→ WHAT YOU WILL DO: Copy all the lines of the listing below exactly. Skip the images.

→ SUPPLIED MATERIAL:
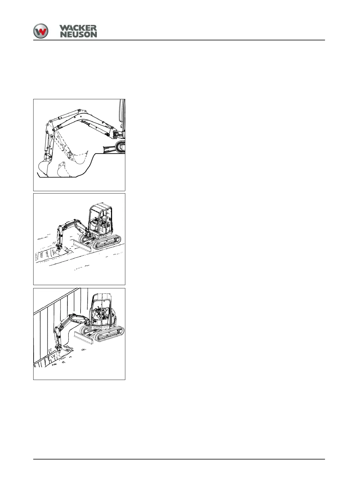 For excavating laterally in tight spaces, turn the upper carriage and swivel
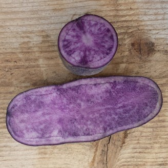 Particulièrement appréciée pour la qualité de sa chair, cette pomme de terre à peau et chair violette produit de nombreux tubercules longs et réguliers. Après cuisson, la couleur bleue devient uniforme. Elle se prêtera très bien à une cuisson en gratin ou à la vapeur.
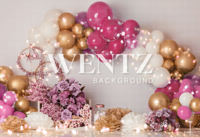 Fundo Fotográfico em Tecido Cenário Balão Fúcsia e Branco / Backdrop 1854
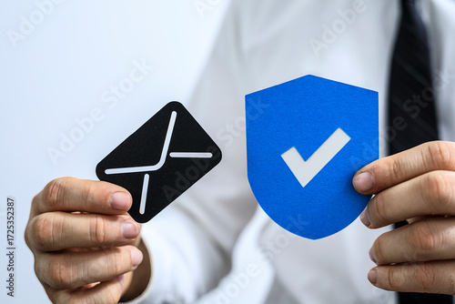 Image depicting secure email concept. Businessperson holds icons representing email and security.

→ YOUR SOLUTION:
 For excavating laterally in tight spaces, turn the upper carriage and swivel
 Particulièrement appréciée pour la qualité de sa chair, cette pomme de terre à peau et chair violette produit de nombreux tubercules longs et réguliers. Après cuisson, la couleur bleue devient uniforme. Elle se prêtera très bien à une cuisson en gratin ou à la vapeur.
 Fundo Fotográfico em Tecido Cenário Balão Fúcsia e Branco / Backdrop 1854
 Image depicting secure email concept. Businessperson holds icons representing email and security.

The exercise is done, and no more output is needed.